*Saved entries:*
★ ★ ★ ★ ★

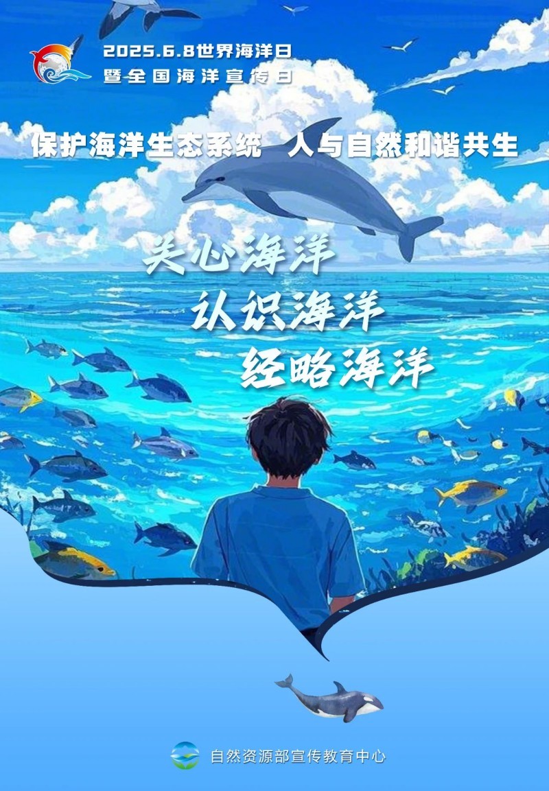 2025年6月8日是第17个“世界海洋日”和第18个“全国海洋宣传日”,活动主题是“保护海洋生态系统 人与自然和谐共生”。自然资源部宣传教育中心策划制作了宣传海报,供各地下载传播。
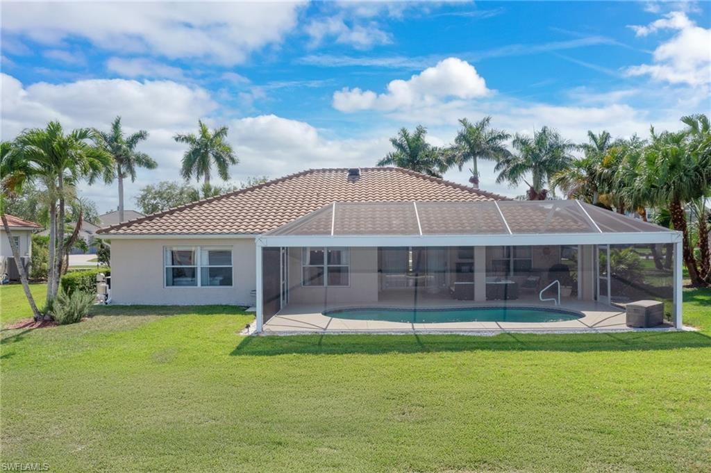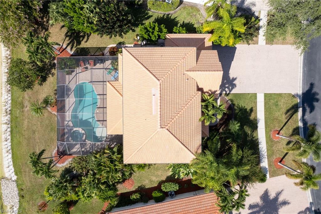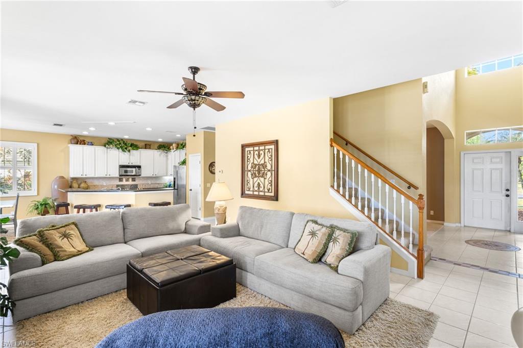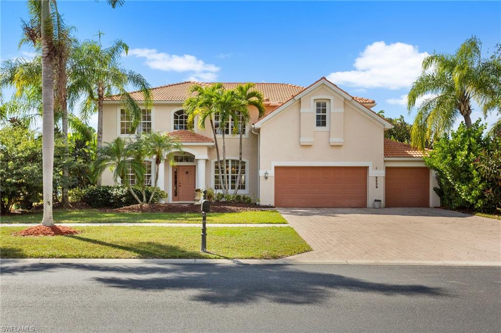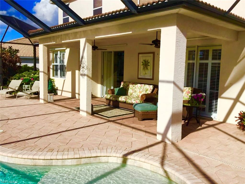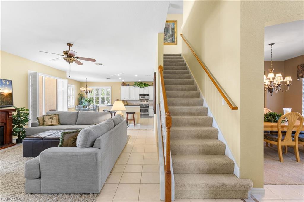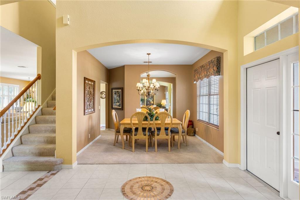 Step through the front door and you’re immediately greeted by 10 foot ceilings, a striking mosaic tile inlay, and an open, airy floor plan that feels both grand and welcoming. The layout is designed for how people actually live today—offering connected spaces for gathering, plus quiet areas for work, guests, and downtime. Just off the main living area, the first-floor den can function as a dedicated home office or hobby room, and can also be utilized as a true first-floor guest suite with an adjoining bathroom—a valuable option for multigenerational living or visiting family and friends. Upstairs, the loft flexes easily as a media room, playroom, fitness area, or second office. Thoughtful details throughout reinforce a sense of comfort, quality, and ease: an oversized 3-car garage for cars, golf gear, and storage; numerous alabaster ceiling fans; window treatments on every window; and plantation shutters in the kitchen and family room that frame the pool and wide lake views. The generously sized lot and landscaping flanking both sides of the pool create a private, resort-like oasis that feels tucked away from neighbors. The large kitchen is intentionally positioned as the heart of the home. An island offers space for prep and casual dining, while granite counters, 42 inch cabinets, a tile backsplash, and abundant cabinet and counter space support everything from quick weeknight meals to holiday gatherings. The kitchen and adjoining family room flow seamlessly to the lanai, where walls of glass invite in natural light and lead your eye straight to the peaceful water view. Upstairs, the spacious primary suite feels like a private retreat. Two walk-in closets provide ample storage, and the en-suite bath features raised dual sinks, a separate shower, and a jetted jacuzzi tub—creating a spa-like place to unwind at the end of the day. Outdoor living is a major highlight. The screened lanai, pool, and raised spa are perfectly oriented with southwest exposure, capturing warm afternoon light and memorable sunsets over the lake. The extra yard space is ideal for pets, gardening, or play, while the wide lake view adds an uncommon sense of openness and tranquility. Valencia Lakes residents enjoy low HOA fees along with a community pool and clubhouse, new Pickleball Courts fitness center, recreation room, children’s playground, basketball court, and tennis court—all in a convenient Naples location close to schools, shopping, dining, and just a short drive to the beaches. Meticulously maintained, generously sized, and set on a premier lakefront lot, 2239 Grove Drive is a compelling opportunity in Valencia Lakes for buyers seeking space, flexibility, and an indoor–outdoor Florida lifestyle. All information is believed to be accurate but is not guaranteed. All measurements, square footage, room dimensions, lot sizes, ages, fees, taxes, school information, HOA rules, and any other details are approximate and/or subject to change without notice
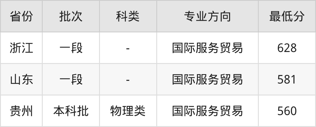 北京第二外国语学院国际经济与贸易专业录取分数线2024各省汇总显示,市外招生最低分为贵州560分、浙江628分、山东581分。更多专业分数详情、选科要求、专业简介等均可在正文查阅。
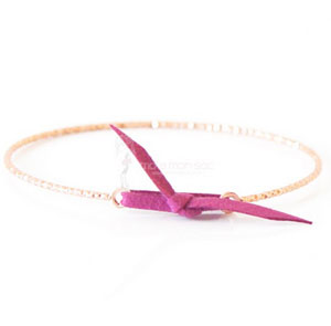 Jonc martelé en plaqué or rose et nubuck violet Paloma Stella
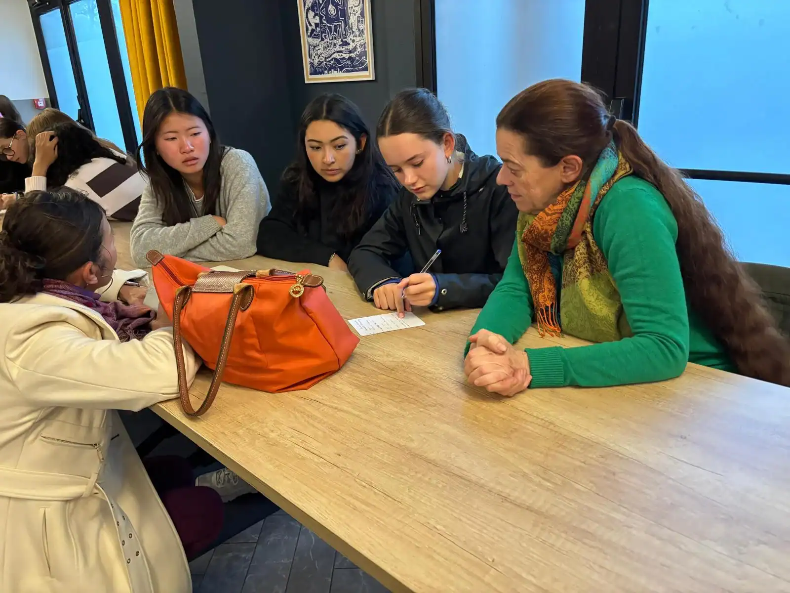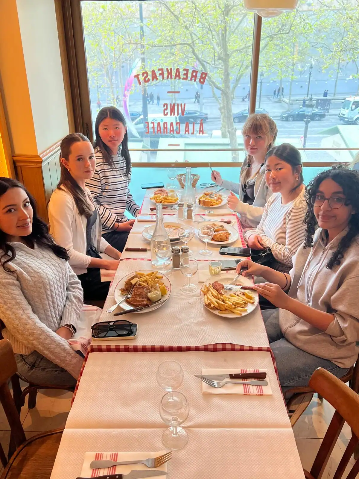 Later at the hotel, we did a group activity where we wrote our favorite memories from the trip so far and brainstormed questions to ask our host families (we meet them tomorrow we’re all really excited!). Some of our favorite memories included going to the Eiffel Tower and shopping along the Champs-Élysées.
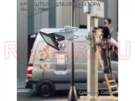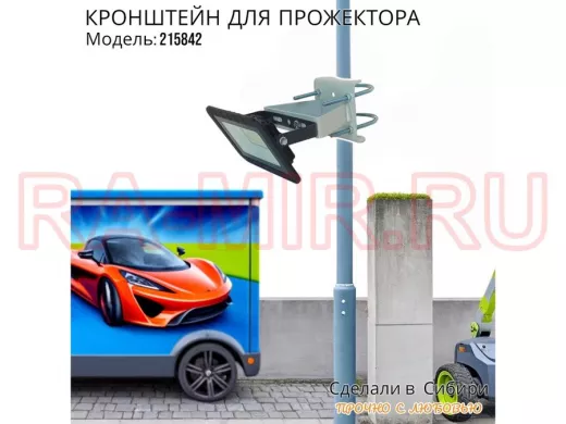 - Кронштейн позволяет быстро и надежно зафиксировать прожектор на трубе.
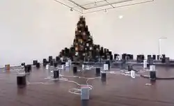 Wynne is best known for his series of installations involving large accumulations of cast-off speakers, beginning with Fallender ton für 207 lautsprecher boxen (Falling tone for 207 loudspeakers) in Berlin in 2004.[2][3] In 2009, his Installation for 300 speakers, player piano and vacuum cleaner at the Beaconsfield Gallery in London was the first piece of sound art purchased by the Saatchi collection.[4][5] Wynne won the 2010 British Composer Award for Sonic Art for this piece, and when it was shown at the Saatchi Gallery in 2010 as part of Newspeak, Adrian Searle wrote in The Guardian that:

★ ★ ★ ★ ★

*What to produce:* Each entry needs to be retyped exactly; the pictures stay out.

*Solution to the exercise:*
 2025年6月8日是第17个“世界海洋日”和第18个“全国海洋宣传日”,活动主题是“保护海洋生态系统 人与自然和谐共生”。自然资源部宣传教育中心策划制作了宣传海报,供各地下载传播。
 Step through the front door and you’re immediately greeted by 10 foot ceilings, a striking mosaic tile inlay, and an open, airy floor plan that feels both grand and welcoming. The layout is designed for how people actually live today—offering connected spaces for gathering, plus quiet areas for work, guests, and downtime. Just off the main living area, the first-floor den can function as a dedicated home office or hobby room, and can also be utilized as a true first-floor guest suite with an adjoining bathroom—a valuable option for multigenerational living or visiting family and friends. Upstairs, the loft flexes easily as a media room, playroom, fitness area, or second office. Thoughtful details throughout reinforce a sense of comfort, quality, and ease: an oversized 3-car garage for cars, golf gear, and storage; numerous alabaster ceiling fans; window treatments on every window; and plantation shutters in the kitchen and family room that frame the pool and wide lake views. The generously sized lot and landscaping flanking both sides of the pool create a private, resort-like oasis that feels tucked away from neighbors. The large kitchen is intentionally positioned as the heart of the home. An island offers space for prep and casual dining, while granite counters, 42 inch cabinets, a tile backsplash, and abundant cabinet and counter space support everything from quick weeknight meals to holiday gatherings. The kitchen and adjoining family room flow seamlessly to the lanai, where walls of glass invite in natural light and lead your eye straight to the peaceful water view. Upstairs, the spacious primary suite feels like a private retreat. Two walk-in closets provide ample storage, and the en-suite bath features raised dual sinks, a separate shower, and a jetted jacuzzi tub—creating a spa-like place to unwind at the end of the day. Outdoor living is a major highlight. The screened lanai, pool, and raised spa are perfectly oriented with southwest exposure, capturing warm afternoon light and memorable sunsets over the lake. The extra yard space is ideal for pets, gardening, or play, while the wide lake view adds an uncommon sense of openness and tranquility. Valencia Lakes residents enjoy low HOA fees along with a community pool and clubhouse, new Pickleball Courts fitness center, recreation room, children’s playground, basketball court, and tennis court—all in a convenient Naples location close to schools, shopping, dining, and just a short drive to the beaches. Meticulously maintained, generously sized, and set on a premier lakefront lot, 2239 Grove Drive is a compelling opportunity in Valencia Lakes for buyers seeking space, flexibility, and an indoor–outdoor Florida lifestyle. All information is believed to be accurate but is not guaranteed. All measurements, square footage, room dimensions, lot sizes, ages, fees, taxes, school information, HOA rules, and any other details are approximate and/or subject to change without notice
 北京第二外国语学院国际经济与贸易专业录取分数线2024各省汇总显示,市外招生最低分为贵州560分、浙江628分、山东581分。更多专业分数详情、选科要求、专业简介等均可在正文查阅。
 Jonc martelé en plaqué or rose et nubuck violet Paloma Stella
 Later at the hotel, we did a group activity where we wrote our favorite memories from the trip so far and brainstormed questions to ask our host families (we meet them tomorrow we’re all really excited!). Some of our favorite memories included going to the Eiffel Tower and shopping along the Champs-Élysées.
 - Кронштейн позволяет быстро и надежно зафиксировать прожектор на трубе.
 Wynne is best known for his series of installations involving large accumulations of cast-off speakers, beginning with Fallender ton für 207 lautsprecher boxen (Falling tone for 207 loudspeakers) in Berlin in 2004.[2][3] In 2009, his Installation for 300 speakers, player piano and vacuum cleaner at the Beaconsfield Gallery in London was the first piece of sound art purchased by the Saatchi collection.[4][5] Wynne won the 2010 British Composer Award for Sonic Art for this piece, and when it was shown at the Saatchi Gallery in 2010 as part of Newspeak, Adrian Searle wrote in The Guardian that:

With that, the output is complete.